The Delhi police has arrested four youth on the charges of hacking leading shopping sites including Amazon and Flipkart. The police are acting on the complaint of Voucha Gram India, an ecommerce company that runs the website www.gyftr.com. Voucha Gram has complained that the website was hacked, and gift vouchers of leading companies including MakeMyTrip, Amazon, Flipkart, Big Bazar, Reliance Digital, Myntra, Yatra, and others have been stolen. Ishwar Singh, deputy commissioner of police (DCP) confirmed,
“The total financial loss to the complainant was assessed to be about Rs. 92 lakh.”

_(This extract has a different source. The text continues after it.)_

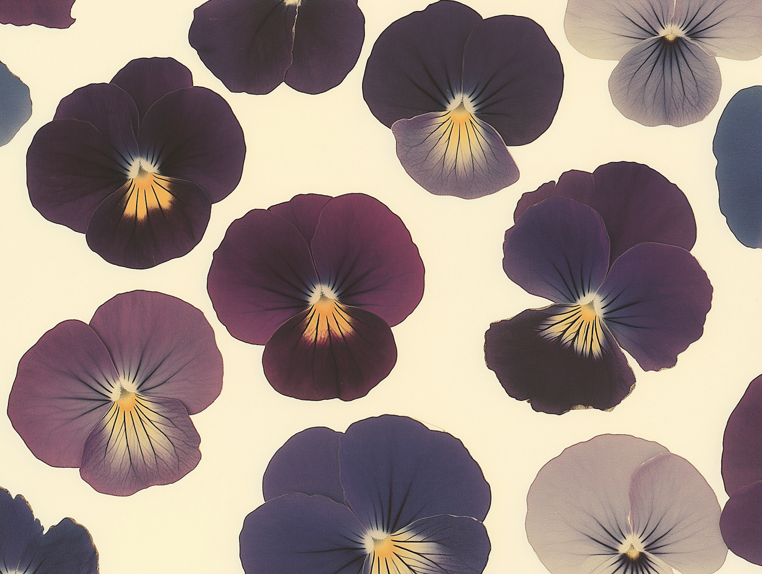 Elegant pansy flowers in rich purples and blues on a cream background, showcasing their vibrant colors and delicate details.
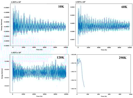 The ab initio molecular dynamics simulations (AIMD) [68] have been carried out for all nine isomers at different temperatures to confirm their kinetic stability in their respective singlet ground electronic states. Atom-centered density matrix propagation (ADMP) is an extended Lagrangian molecular dynamics method which has been used to employ the atom-centered Gaussian basis functions and one-particle density matrix propagation. These simulations were executed in Gaussian 09 software at 1 atm pressure and temperatures of 10 K, 60 K, 120 K, and 29 8 K for 10,000 fs at the B3LYP/6-311+G(d,p) level of theory. The time evolution of the total energy of the minimum energy ptC isomer (ptC-2) at different temperatures is shown in Figure 5. AIMD results for other isomers at different temperatures are shown in the Supporting Information.

The arrested include Sunny Nehra, Prakhar Aggarwal, Azad Choudhary, and Tejveer Sheoran. Singh explained how Nehra went ahead,
“One of his hacker friends informed him that PayU, a leading payment gateway, was suffering from vulnerability and could be tested for data tampering. He started testing it and soon discovered that it was allowing ‘change in parameters on the processing page’, which is data tampering.”
Cyber payments unsafe?
The heist is a blow to both online payment portals like PayU and Paytm, and the government, which has been pushing for a cashless society. Advocate Pavan Duggal, a specialist in cyber laws, confirms this,
“Digital wallets and mobile wallets are extremely unsafe. There are only a couple of Reserve Bank notifications on it. The sector is unregulated; there are no minimum parameters to follow. A majority of the service providers do not focus on cyber security.”
However, companies are quick to their defence. Prashant Susarla, technical head at PayU India clarifies,
“PayU protects transaction data integrity by way of check-summing important transaction data exchanged between merchant, PayU and bank. When merchants send data to PayU, they are expected to send a check-sum of the data in the transaction request. In this case, the merchant did not implement the response check-sum test. In such cases, tampering of response data by malicious users will occur, resulting in the merchant facing the repercussions.”
Due diligence is a default activity that everyone should follow. However, when such untoward incidents take place, it exposes the vulnerability of online transactions. The hackers used simple techniques to invade the website. This could happen to anyone. Merchants would do well to employ a good security system on their websites.